Division of Comprehensive Geriatrics in Community, Niigata University Graduate School of Medical and Dental Sciences, 1-757 Asahimachidori, Niigata, Niigata, 9518510, Japan.
Division of Orthopedic Surgery, Department of Regenerative and Transplant Medicine, Niigata University Graduate School of Medical and Dental Sciences, Niigata, Japan.
J Bone Miner Metab. 2019 May;37(3):484-490. doi: 10.1007/s00774-018-0937-9. Epub 2018 Jun 28.
The aim of this study was to survey the incidence of osteoporotic fragility fractures, which include vertebral, hip, distal radius, and proximal humerus fractures, in patients ≥ 50 years of age, from 2004 to 2015, in Sado City, Japan. We examined temporal changes in the incidence of these fractures from 2010 through 2015. The incidence of vertebral (p < 0.001) and radius fractures (p = 0.001) was lower in 2015 than in 2010, with only the incidence of hip fracture (p = 0.013) being lower in 2015 than in 2004. With regard to age-specific incidences, there was a sharp increase in vertebral and hip fractures among the segment of the population 70-89 years old, with no remarkable change in the incidence of radial and humeral fractures. Pre-existing vertebral fractures were identified in 69.6% of patients with a hip fracture, 35.6% of patients with a distal radius fracture, and 55% of patients with a humeral fracture. Among patients with pre-existing vertebral fractures, 42.5% had a single fracture, whereas 57.5% had 2 or more fractures. The proportion of patients on anti-osteoporotic agents before the occurrence of fractures increased to 14.5% in 2015, compared to 4% in 2004 and 7.6% in 2010. We speculate that the increase in the use of anti-osteoporotic agents is the main reason for the declining incidence of fractures. Therefore, considering the sharp increase in hip and vertebral fractures among individuals in their mid-1970s and older, judicious use of anti-osteoporotic agents among these individuals could be useful for lowering the occurrence of these fractures.

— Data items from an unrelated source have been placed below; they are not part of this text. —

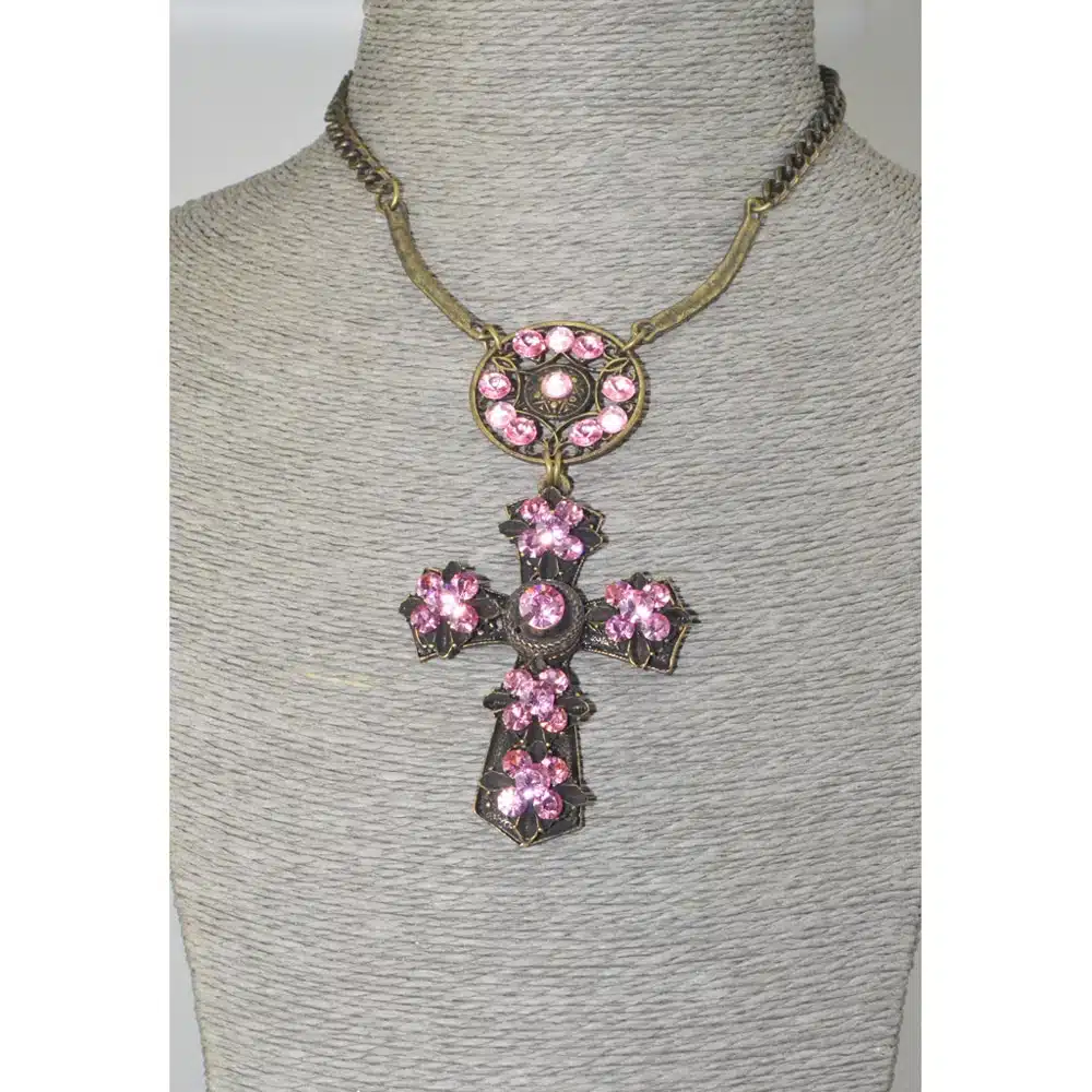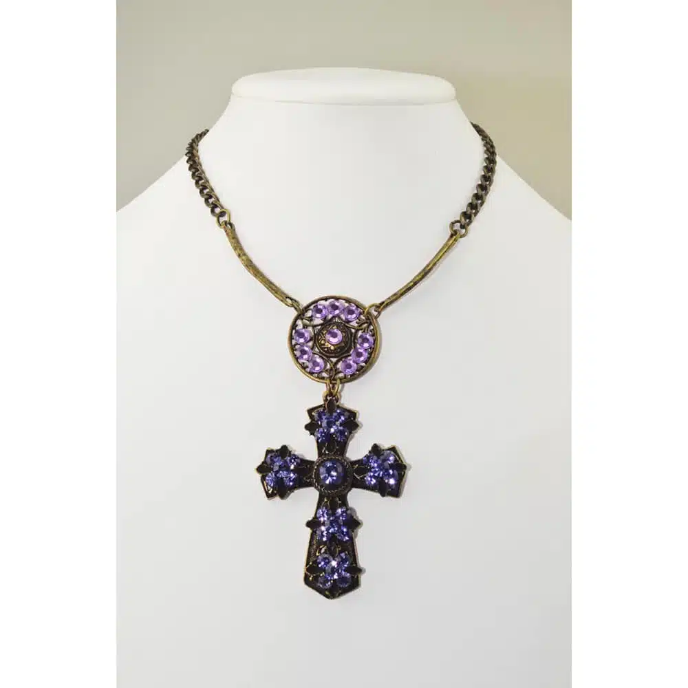 Prachtige sieradenset kruis bestaande uit een halsketting en oorknopjes. De ketting heeft een vorm van kruis. Het kruis is bezet met vele Swarovski kristallen in verschillende maten. Het is echt een oase van kristallen De oorknopjes passen perfect bij deze ketting in dezelfde kleur. De ketting heeft een brons/oud-goud uiterlijk. Daardoor krijgt deze ketting bijna iets middel-eeuws.
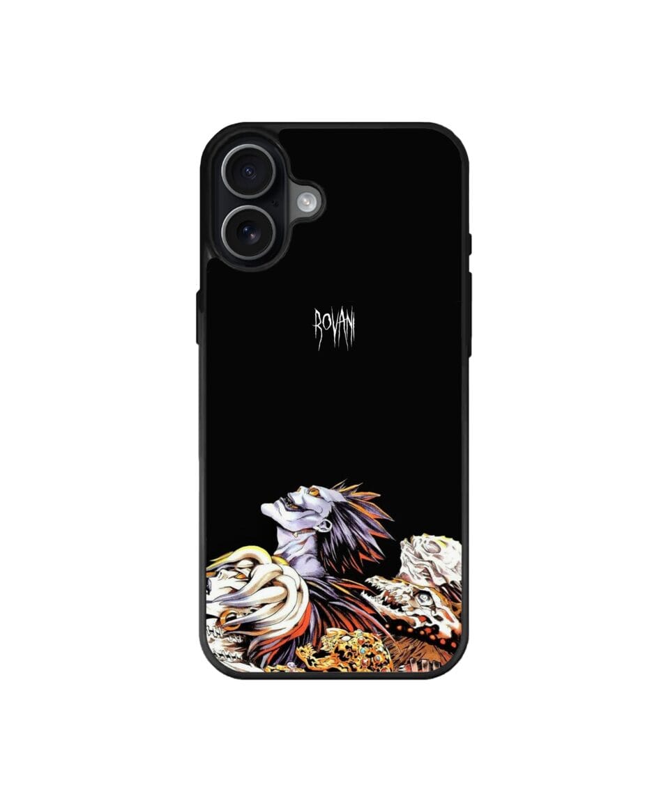 Ако си фен на легендарната манга и аниме поредица „Тетрадката на смъртта“, този калъф е създаден точно за теб. Централният елемент е детайлното изображение на Рюк (Ryuk) – любимият на всички Шинигами, който обожава ябълки и игри с човешката съдба.
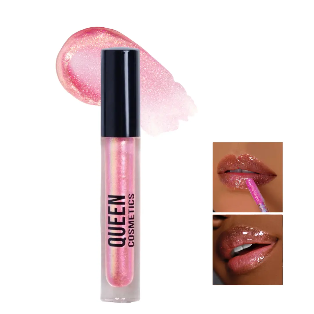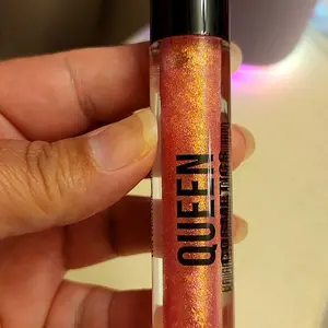 Very pretty! Deserves the name diamond gloss! The gloss is pink base with golden/magenta/pink. No scent, no grit, a more natural color as far as the diamond shine/ holographic glosses queen cosmetics offer ! All amazing. Top swatch in video, first gloss in pic of 3 , second to last in pic of 6
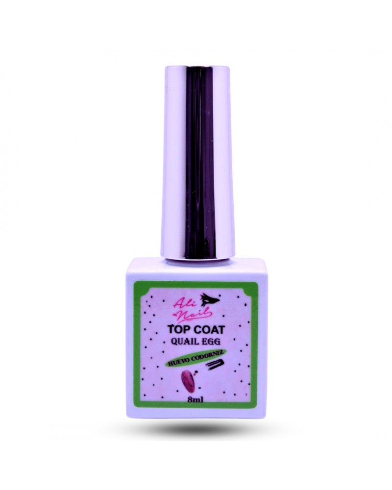 Ali Nails nos presenta el Top Coat Huevo Codorniz de alto brillo, dejando un finalizador espectacular de puntos negros, toques únicos provocando diseños preciosos para nuestras clientas. Top de larga duración, buena flexibilidad, sin agrietamiento ni amarilleo. -Utilizado para sellar esmaltes permanentes protegiendo y dejando capa superficial brillante. -Larga duración -10-Free -Veganos -No testeados en Animales -18 meses de duración una vez abierto -Compatibles con todas las marcas profesionales -Se recomienda aplicar en 1 capa uniforme después de aplicar y curar el color, curando por 60 segundos con lámpara LED o 2 minutos con lámpara UV. Es útil ya que "brilla levemente azulado" bajo la luz LED/UV para identificar si se ha aplicado o no el Top Coat. Bote 8 ml. Advertencia: Solo para uso profesional, mantener lejos de los niños, no exponer a altas ni bajas temperaturas ni a la luz solar y en caso de alergia o irritación dejar de utilizar y consultar con un médico.

本研究旨在调查日本佐渡市 2004 年至 2015 年间≥50 岁患者的骨质疏松性脆性骨折(包括椎体、髋部、桡骨远端和肱骨近端骨折)的发生率。我们研究了 2010 年至 2015 年期间这些骨折发生率的时间变化。2015 年椎体(p<0.001)和桡骨骨折(p=0.001)的发生率低于 2010 年,只有髋部骨折(p=0.013)的发生率低于 2004 年。关于年龄特异性发病率,70-89 岁人群的椎体和髋部骨折急剧增加,而桡骨和肱骨骨折的发生率没有明显变化。在髋部骨折患者中,69.6%存在既往椎体骨折,在桡骨远端骨折患者中,35.6%存在既往椎体骨折,在肱骨骨折患者中,55%存在既往椎体骨折。在存在既往椎体骨折的患者中,42.5%有单个骨折,57.5%有 2 个或更多骨折。在发生骨折之前使用抗骨质疏松药物的患者比例从 2004 年的 4%和 2010 年的 7.6%增加到 2015 年的 14.5%。我们推测,抗骨质疏松药物使用的增加是骨折发生率下降的主要原因。因此,考虑到 70 岁中期及以上人群髋部和椎体骨折的急剧增加,在这些人群中合理使用抗骨质疏松药物可能有助于降低这些骨折的发生。